Yes, digital revenue grew, but broadcast spot sales continued to erode.
Digital’s growth was a hollow victory: Digital contributes a mere 3% of radio’s revenue.
Broadcast spots contribute over 90%. If spot sales decline by a mere 1%, $140 Million in spots is wiped off the books. Given digital’s meager contribution, it has to increase 15% just to stay even, let alone jump-start sales.
As we pointed out in our previous post, digital grew by 16% last year, but growth is on a downward trajectory. It is increasingly likely that digital sales growth won’t be able to make up for even modest declines in broadcast spot sales.
What should broadcasters do?
The only practical solution is to put a stop to the decline in spot radio sales. Radio has to put considerably greater effort into growing the broadcast product, continuing to develop compelling programming, then selling it better.
If radio has any hope of growing revenue in today’s environment, it is going to come from increasing the value of broadcast spots, then selling more.
The arithmetic is obvious, but actions of the major groups suggest they don’t get it. They are still of a mind-set that digital will save the day.
That’s why the major groups are continuing to increase digital funding at the expense of their broadcast products.
Major cut backs in broadcast station staffs. No programming innovation. No marketing budgets, no research. Degraded morning shows to save money, and half-hearted efforts to sell time on these gutted radio stations.
If radio is cutting costs, telegraphing that it believes broadcast radio can’t successfully compete against digital competitors, why should we be surprised that spot sales are declining? If radio isn’t prepared to invest in broadcast, why should advertisers?
If radio continues on its current path, flat revenue is just a brief pause in broadcast’s rush towards self-destruction.
The good news is that maybe, just maybe broadcast leaders are waking up.
After years of touting digital initiatives and ignoring local radio, broadcasters rolled out three new projects spotlighting broadcast radio’s strengths.
Last month Nielsen and CBS collaborated on a study showing local radio’s ability to boost the effectiveness of television campaigns. According to the study, using local television and radio together can double the reach of TV alone.
(The study found that) an advertiser could reach anywhere from 84% to as high as 93% of all adults 18+ within a month by leveraging local television and radio together.
The CBS announcement was quickly followed by an Advertising Research Foundation hosted presentation on new research looking at radio’s impact on retail sales. The study found that for every dollar spent on radio advertising, there was a sales return of six dollars.
Clear Channel’s Insights and Analytics EVP Rada Subramanyam noted:
We have always known that radio delivers big returns for advertisers and these studies provide the much needed support of that return. The deep personal connection and trust that consumers have to their radio stations and on air personalities generates significant value for advertisers.

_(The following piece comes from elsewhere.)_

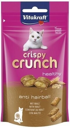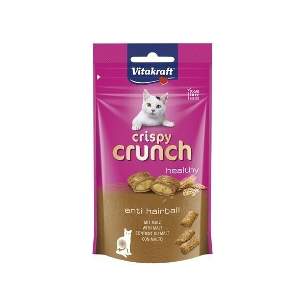 Допълваща храна за котки. Хрускащо лакомство за котки за предотвратяване образуването на топки косми. Пълнеж от крем, с малц.
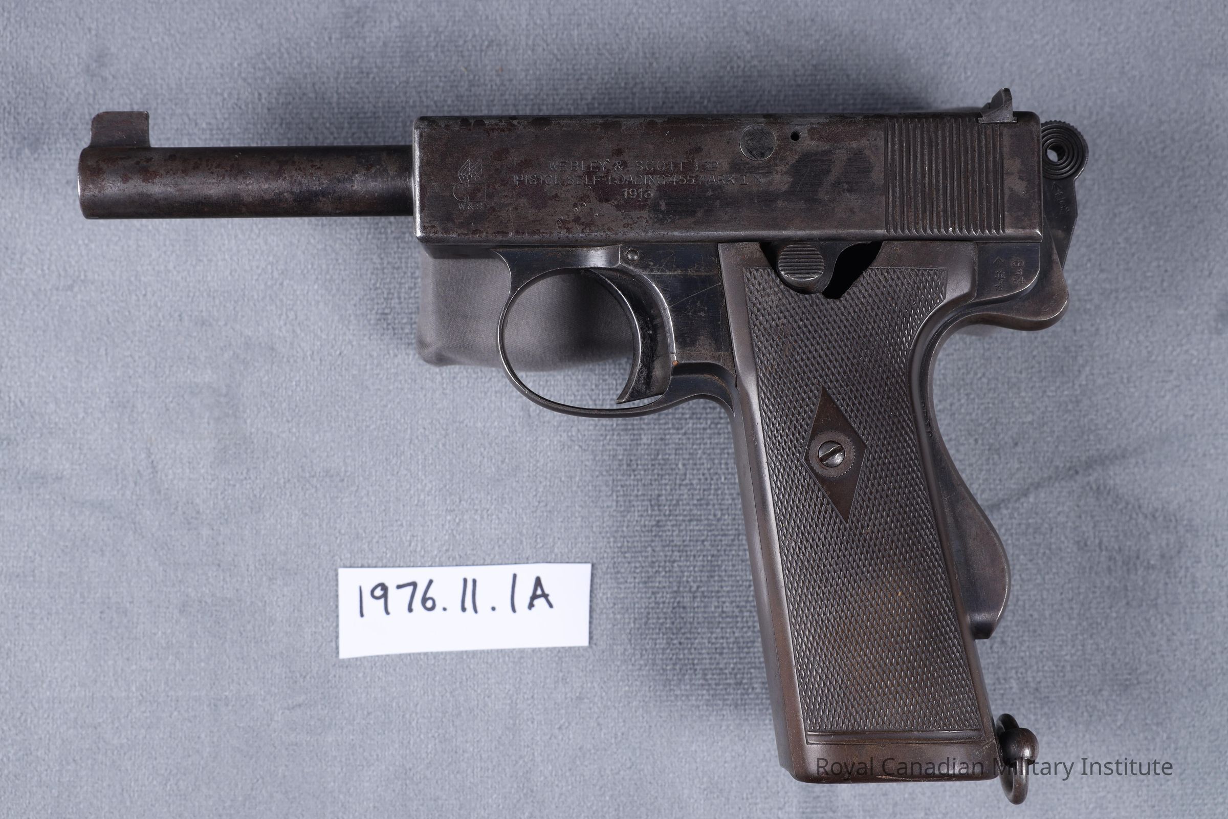 Stamped left receiver: "Webley & Scott Ltd. Pistol, Self-Loading .455 Mark I N 1913"Dimensions

The latest defense of broadcast radio comes courtesy of Southern California Broadcasters Association. Earlier this month the group released a report making the case that some television money ought to be reallocated to radio. The bottom line (PDF):
We are urging advertisers to make a 39% adjustment in TV budgets from TV to Radio based on these findings and the growing DVR use/ownership in the LA DMA. Weekend sales events, limited offers, and expiring special offers are being compromised by delayed or no viewership from DVR usage for TV advertisers.
Three studies in the span of two months. And this after years of nothing of substance coming from local radio’s leaders defending the medium from relentless attacks from radio’s critics.
Maybe this is a turning point in the battle to get radio’s fair share of advertising dollars.
But broadcast leaders have to also recognize that radio can’t gut its product without ultimately hurting radio’s adverting effectiveness, and ultimately revenue.
We applaud these three efforts. They are long over-due. However, now these leaders have to reinvest in their radio stations if they have any hope of having this work impact their revenue numbers.